● **EXERCISE AIM**: Leave out the pictures, and retype the remaining data exactly.

● **INPUT FOR THIS TASK**:
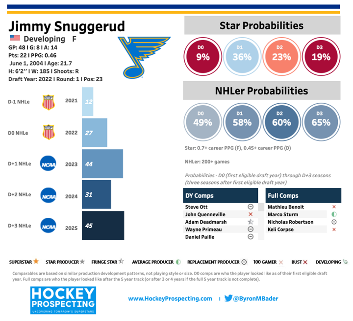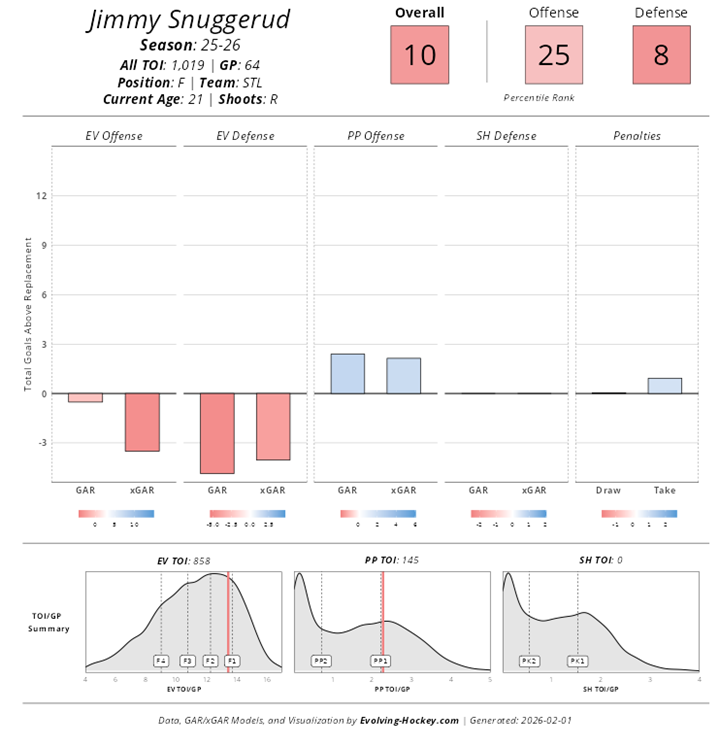 Zooming out, Snuggerud’s long-term outlook remains solid. According to Hockey Prospecting, he graduated the model with a 19% chance of becoming a star, a meaningful signal for a player whose game is built on translatable habits rather than flash. With the remainder of this season and all of next still remaining on his entry-level contract, the Blues have a clear runway to evaluate how he fits into their future plans during a retooling phase. Players who shoot, compete, and contribute on the power play tend to stick sooner than expected. If his role continues to grow incrementally while perceptions lag behind early results, this remains a strong buy window before his value stabilizes.
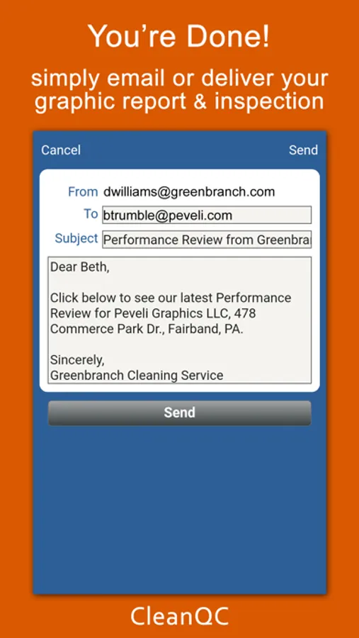• Engage Customers! You’ll love emailing or personally delivering our one-of-a -kind ‘Performance Review' of any inspection, for any customer, at any time – highlighting your quality control efforts in an easy-to-understand, graphical format.
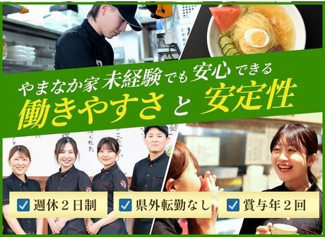 仕事内容 東北の焼肉店で一番の店舗数「やまなか家」で正社員募集! / 元気な挨拶と美味しい料理で お客様を笑顔にするお仕事です♪ \ ★未経験でも安心のスタート 「包丁を握ったことがない」 「接客ははじめて」という方も大歓迎! 先輩スタッフが丁寧に教えますのでご安心ください。 ―――――――――― ■具体的なお仕事内容は? ―――――――――― まずはホール・キッチンの基本業務からスタートします。 ・お客様を席へ案内・オーダー取り・ドリンクづくり・配膳/下膳 ・名物「盛岡冷麺」やビビンバ等の調理、仕込み、盛り付け、食器洗い等 他には、レジ打ち、仕込み業務(お肉や野菜など) ■キャリアステップ 慣れてきたら、発注業務やアルバイトさんの教育 売上管理などの店舗運営スキルも身につきます。 ■頑張りをしっかり評価◎  ̄ ̄ ̄V ̄ ̄ ̄ ̄ ̄ ̄ ̄ ̄ ̄ 入社後は段階的にOJTを受け、スキルアップを実感できます。 コミュニケーション力、調理技術、数値管理、マネジメント… 飲食の現場は「総合職」としての学びが凝縮されています。 また、評価制度もきちんと整備。 定期的な面談を通して「がんばり」が見える化され、キャリアアップや給与反映にもつながります。 ■動画で会社を知ろう  ̄ ̄ ̄V ̄ ̄ ̄ ̄ ̄ ̄ ̄ ̄ ̄ ●KYコーポレーション紹介動画はこちら https://youtu.be/6YBfAui4X2Q/index.html ●リクルート会社情報ページはこちら https://careers.ky-group.jp/index.html ★2月以降の入社もOK!入社日はお気軽にご相談ください! ●スタッフの特色  ̄ ̄ ̄V ̄ ̄ ̄ ̄ ̄ ・平均年齢は37歳! *社員130名のうち、20代が42名/30代が47名と、若手社員が先頭にたち店舗運営をしています★ ・東北出身者が多数、関東からU・Iターンで入社した社員も◎ ・前職も営業、事務、販売員、工場勤務など様々です。みんな未経験からのスタートでした! 包丁の握り方から教えます◎飲食経験ゼロからでも大丈夫です! ●お休みもサポートもしっかり★  ̄ ̄ ̄V ̄ ̄ ̄ ̄ ̄ ̄ ̄ ̄ ̄ ̄ 店舗社員人数はお店の広さにあわせ3名~5名勤務しています。 なので、休みもしっかり回すことができています。平日に連休をとり旅行や推し活に!学校行事のお休みなど プライベートもしっかりとって、仕事に取り組むことができます☆ 研修などサポート体制もバッチリ★ ●新入社員の声  ̄ ̄ ̄V ̄ ̄ ̄ ̄ ̄ お客様の立場で考え、対応することでお客様の笑顔を見られ自身も嬉しく感じます。 「ありがとう」や「美味しかった」と言われるたびに入社して良かったと思います。 お客様の笑顔が私のやりがいです。 食事を楽しむ姿を見ると自分が人の役に立っていると実感し、より喜んでもらおうと頑張ることができます。
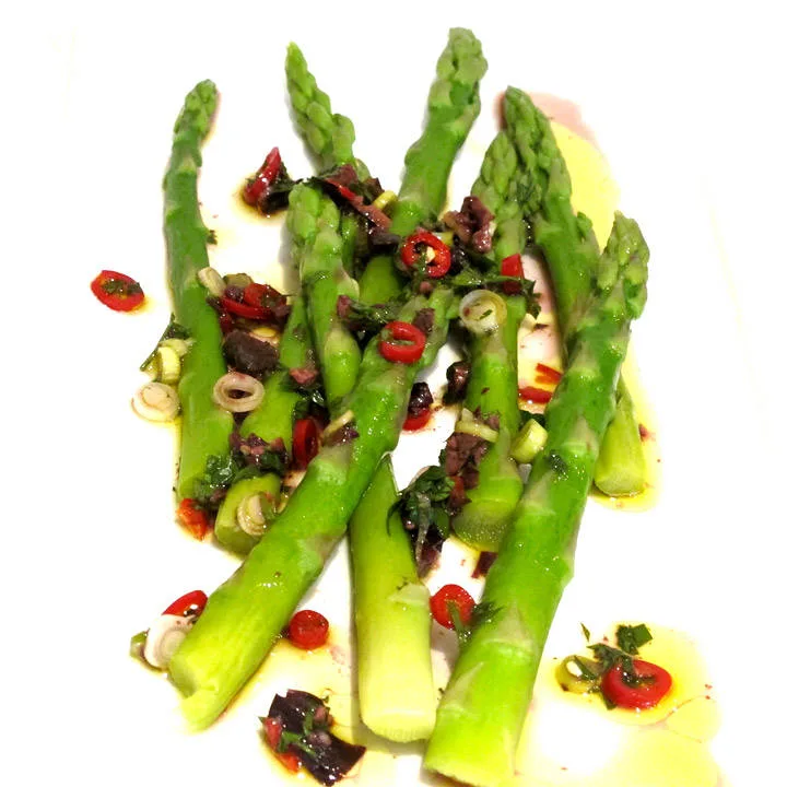 Asparges er genialt følge til røkelaks, spekeskinke, i salat eller dynket i en deilig hollandaisesaus. Dette er ganske tradisjonelt. Men har du noen gang prøvd nykokte asparges med urtevinaigrette?
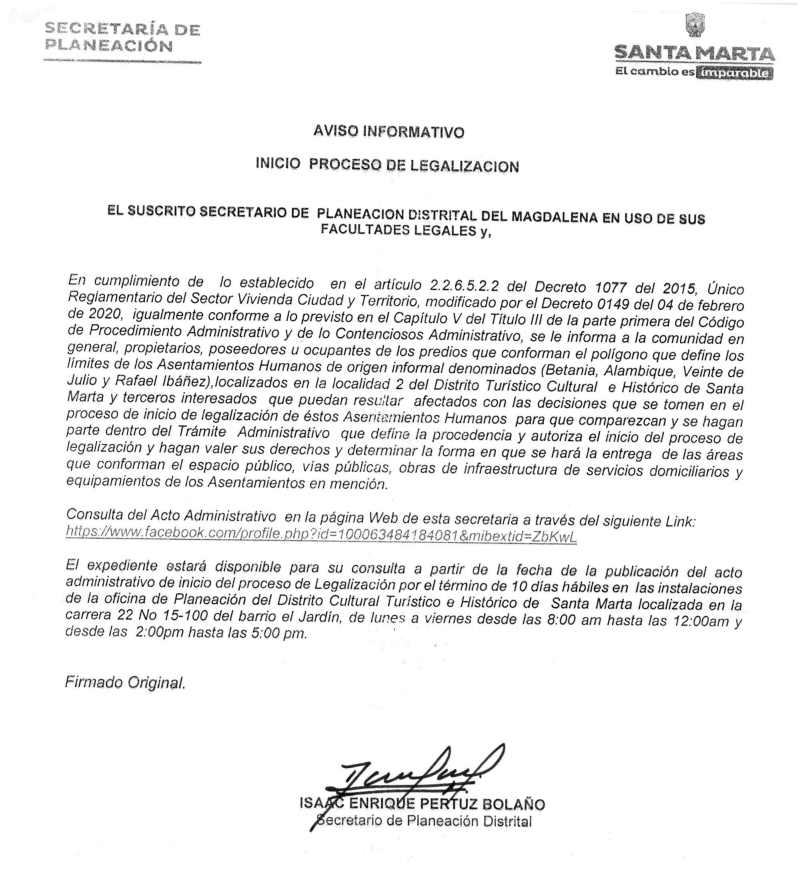 La Secretaría de Planeación Distrital, en cabeza de Isaac Pertuz Bolaño, que tiene a su cargo la ejecución de este programa, convoca a la comunidad en general, propietarios, poseedores u ocupantes de los predios que conforman el polígono que define los límites de estos asentamientos humanos de origen informal, así como a los terceros interesados que puedan resultar afectados con las decisiones que se tomen en el proceso legalización, para que comparezcan y se hagan parte del trámite administrativo que define la procedencia y autoriza el inicio del proceso de legalización, con el fin de que hagan valer sus derechos y determinar la forma en que se hará la entrega de las áreas que conforman el espacio público, vías públicas, obras de infraestructura de servicios domiciliarios y equipamientos de los sectores en mención.
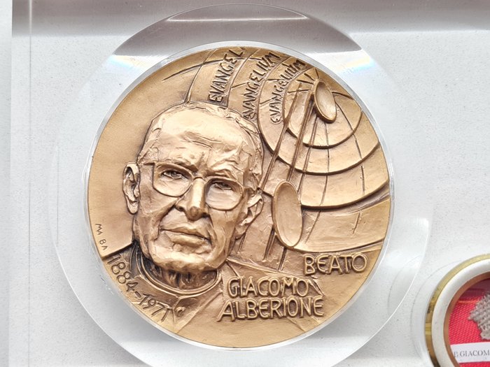 Plexiglas structuur met daarin de medaille van de zalige Giacomo Alberione 1884-1971 27 4 2003, Inc. Maba, diameter 60 mm
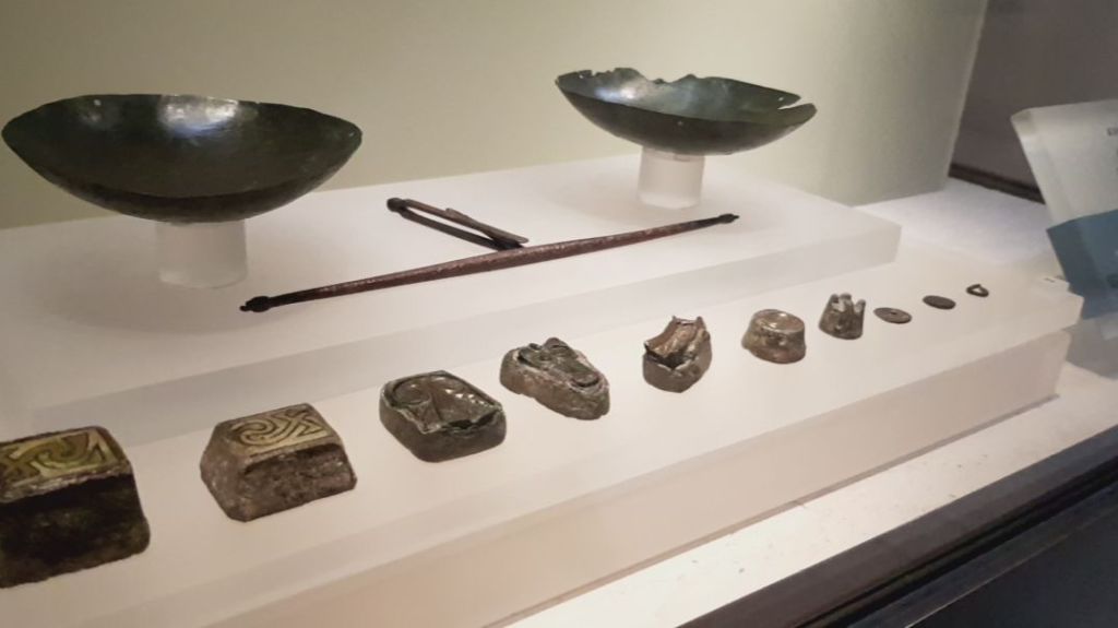 A modern replica of a Viking-Age balance can be seen in the background of the above image; such reconstructions are based on finds we have from the Viking world, including Scotland. Indeed, the following image is of the scale pans and range of bullion weights from the Kiloran Bay boat burial on the island of Colonsay. Deposited in the last quarter of the 9th century, it is now on display in the National Museum of Scotland.
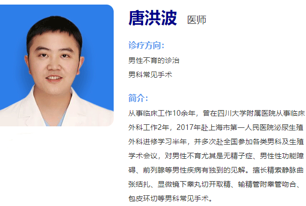 唐洪波,成都西囡妇科医院男科医师,从事临床工作10余年,曾在四川大学附属医院从事临床外科工作2年,2017年赴上海市第一人民医院泌尿生殖外科进修学习半年。
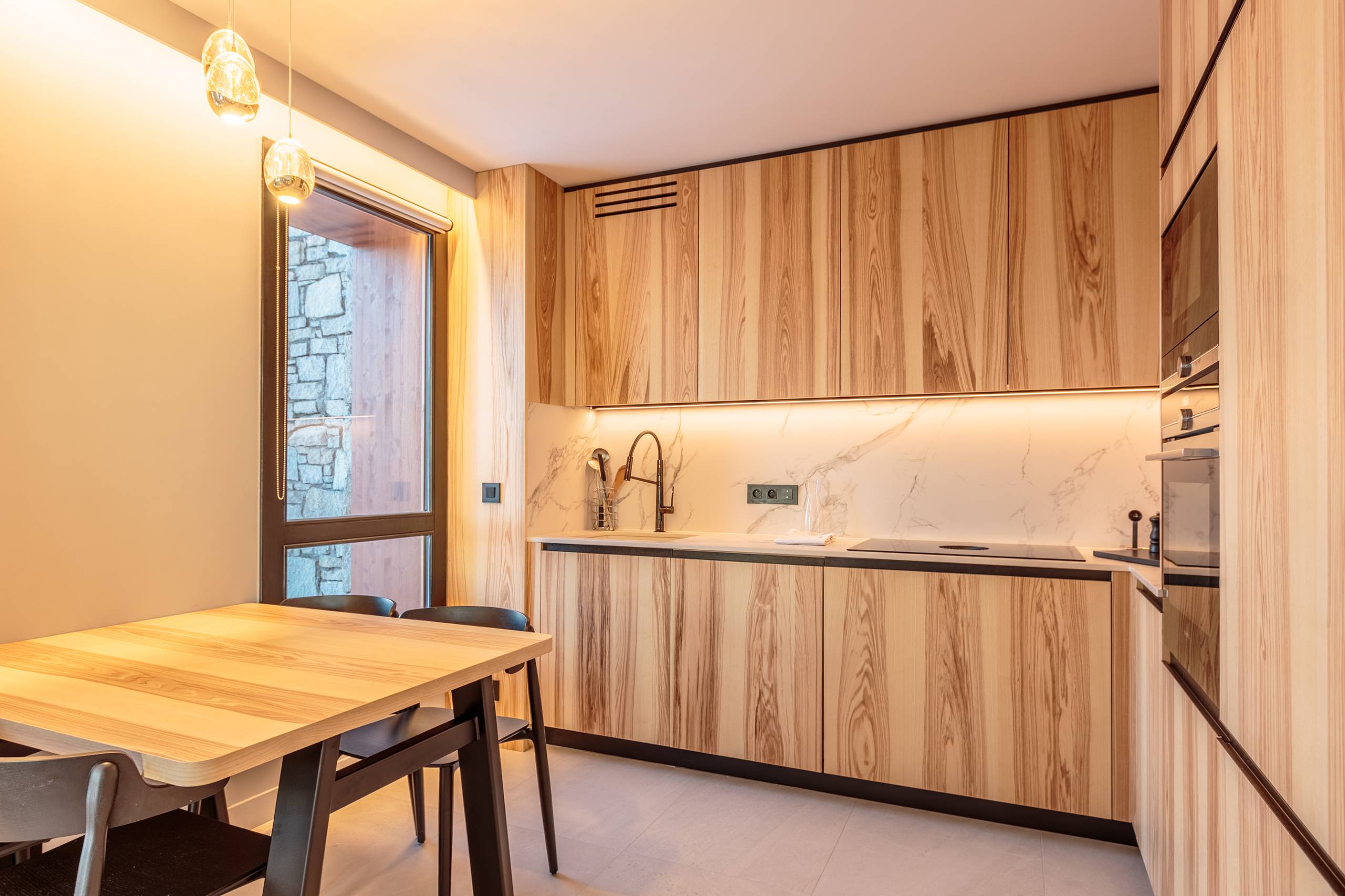 - Fully equipped kitchen open to the living room: oven, microwave, percolator-type coffee machine, Italian coffee maker, kettle, toaster, induction hob, extractor hood. Open to the living room with a large dining table and terrace access.
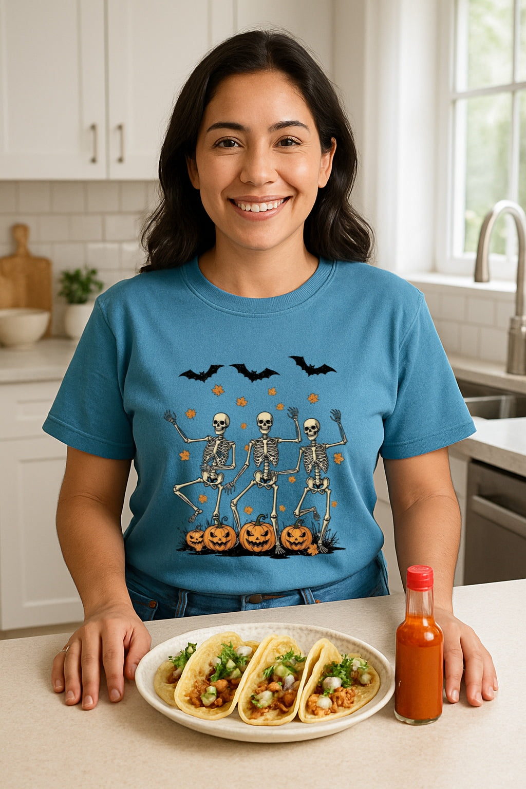 Halloween Shirt-Spooky Jack-O-Lantern Tee- Unisex Comfort Colors® Dancing Skeletons , Retro Skeleton Dance T-Shirt, Funny Fall Halloween

● **EXERCISE RESPONSE**:
 Zooming out, Snuggerud’s long-term outlook remains solid. According to Hockey Prospecting, he graduated the model with a 19% chance of becoming a star, a meaningful signal for a player whose game is built on translatable habits rather than flash. With the remainder of this season and all of next still remaining on his entry-level contract, the Blues have a clear runway to evaluate how he fits into their future plans during a retooling phase. Players who shoot, compete, and contribute on the power play tend to stick sooner than expected. If his role continues to grow incrementally while perceptions lag behind early results, this remains a strong buy window before his value stabilizes.
• Engage Customers! You’ll love emailing or personally delivering our one-of-a -kind ‘Performance Review' of any inspection, for any customer, at any time – highlighting your quality control efforts in an easy-to-understand, graphical format.
 仕事内容 東北の焼肉店で一番の店舗数「やまなか家」で正社員募集! / 元気な挨拶と美味しい料理で お客様を笑顔にするお仕事です♪ \ ★未経験でも安心のスタート 「包丁を握ったことがない」 「接客ははじめて」という方も大歓迎! 先輩スタッフが丁寧に教えますのでご安心ください。 ―――――――――― ■具体的なお仕事内容は? ―――――――――― まずはホール・キッチンの基本業務からスタートします。 ・お客様を席へ案内・オーダー取り・ドリンクづくり・配膳/下膳 ・名物「盛岡冷麺」やビビンバ等の調理、仕込み、盛り付け、食器洗い等 他には、レジ打ち、仕込み業務(お肉や野菜など) ■キャリアステップ 慣れてきたら、発注業務やアルバイトさんの教育 売上管理などの店舗運営スキルも身につきます。 ■頑張りをしっかり評価◎  ̄ ̄ ̄V ̄ ̄ ̄ ̄ ̄ ̄ ̄ ̄ ̄ 入社後は段階的にOJTを受け、スキルアップを実感できます。 コミュニケーション力、調理技術、数値管理、マネジメント… 飲食の現場は「総合職」としての学びが凝縮されています。 また、評価制度もきちんと整備。 定期的な面談を通して「がんばり」が見える化され、キャリアアップや給与反映にもつながります。 ■動画で会社を知ろう  ̄ ̄ ̄V ̄ ̄ ̄ ̄ ̄ ̄ ̄ ̄ ̄ ●KYコーポレーション紹介動画はこちら https://youtu.be/6YBfAui4X2Q/index.html ●リクルート会社情報ページはこちら https://careers.ky-group.jp/index.html ★2月以降の入社もOK!入社日はお気軽にご相談ください! ●スタッフの特色  ̄ ̄ ̄V ̄ ̄ ̄ ̄ ̄ ・平均年齢は37歳! *社員130名のうち、20代が42名/30代が47名と、若手社員が先頭にたち店舗運営をしています★ ・東北出身者が多数、関東からU・Iターンで入社した社員も◎ ・前職も営業、事務、販売員、工場勤務など様々です。みんな未経験からのスタートでした! 包丁の握り方から教えます◎飲食経験ゼロからでも大丈夫です! ●お休みもサポートもしっかり★  ̄ ̄ ̄V ̄ ̄ ̄ ̄ ̄ ̄ ̄ ̄ ̄ ̄ 店舗社員人数はお店の広さにあわせ3名~5名勤務しています。 なので、休みもしっかり回すことができています。平日に連休をとり旅行や推し活に!学校行事のお休みなど プライベートもしっかりとって、仕事に取り組むことができます☆ 研修などサポート体制もバッチリ★ ●新入社員の声  ̄ ̄ ̄V ̄ ̄ ̄ ̄ ̄ お客様の立場で考え、対応することでお客様の笑顔を見られ自身も嬉しく感じます。 「ありがとう」や「美味しかった」と言われるたびに入社して良かったと思います。 お客様の笑顔が私のやりがいです。 食事を楽しむ姿を見ると自分が人の役に立っていると実感し、より喜んでもらおうと頑張ることができます。
 Asparges er genialt følge til røkelaks, spekeskinke, i salat eller dynket i en deilig hollandaisesaus. Dette er ganske tradisjonelt. Men har du noen gang prøvd nykokte asparges med urtevinaigrette?
 La Secretaría de Planeación Distrital, en cabeza de Isaac Pertuz Bolaño, que tiene a su cargo la ejecución de este programa, convoca a la comunidad en general, propietarios, poseedores u ocupantes de los predios que conforman el polígono que define los límites de estos asentamientos humanos de origen informal, así como a los terceros interesados que puedan resultar afectados con las decisiones que se tomen en el proceso legalización, para que comparezcan y se hagan parte del trámite administrativo que define la procedencia y autoriza el inicio del proceso de legalización, con el fin de que hagan valer sus derechos y determinar la forma en que se hará la entrega de las áreas que conforman el espacio público, vías públicas, obras de infraestructura de servicios domiciliarios y equipamientos de los sectores en mención.
 Plexiglas structuur met daarin de medaille van de zalige Giacomo Alberione 1884-1971 27 4 2003, Inc. Maba, diameter 60 mm
 A modern replica of a Viking-Age balance can be seen in the background of the above image; such reconstructions are based on finds we have from the Viking world, including Scotland. Indeed, the following image is of the scale pans and range of bullion weights from the Kiloran Bay boat burial on the island of Colonsay. Deposited in the last quarter of the 9th century, it is now on display in the National Museum of Scotland.
 唐洪波,成都西囡妇科医院男科医师,从事临床工作10余年,曾在四川大学附属医院从事临床外科工作2年,2017年赴上海市第一人民医院泌尿生殖外科进修学习半年。
 - Fully equipped kitchen open to the living room: oven, microwave, percolator-type coffee machine, Italian coffee maker, kettle, toaster, induction hob, extractor hood. Open to the living room with a large dining table and terrace access.
 Halloween Shirt-Spooky Jack-O-Lantern Tee- Unisex Comfort Colors® Dancing Skeletons , Retro Skeleton Dance T-Shirt, Funny Fall Halloween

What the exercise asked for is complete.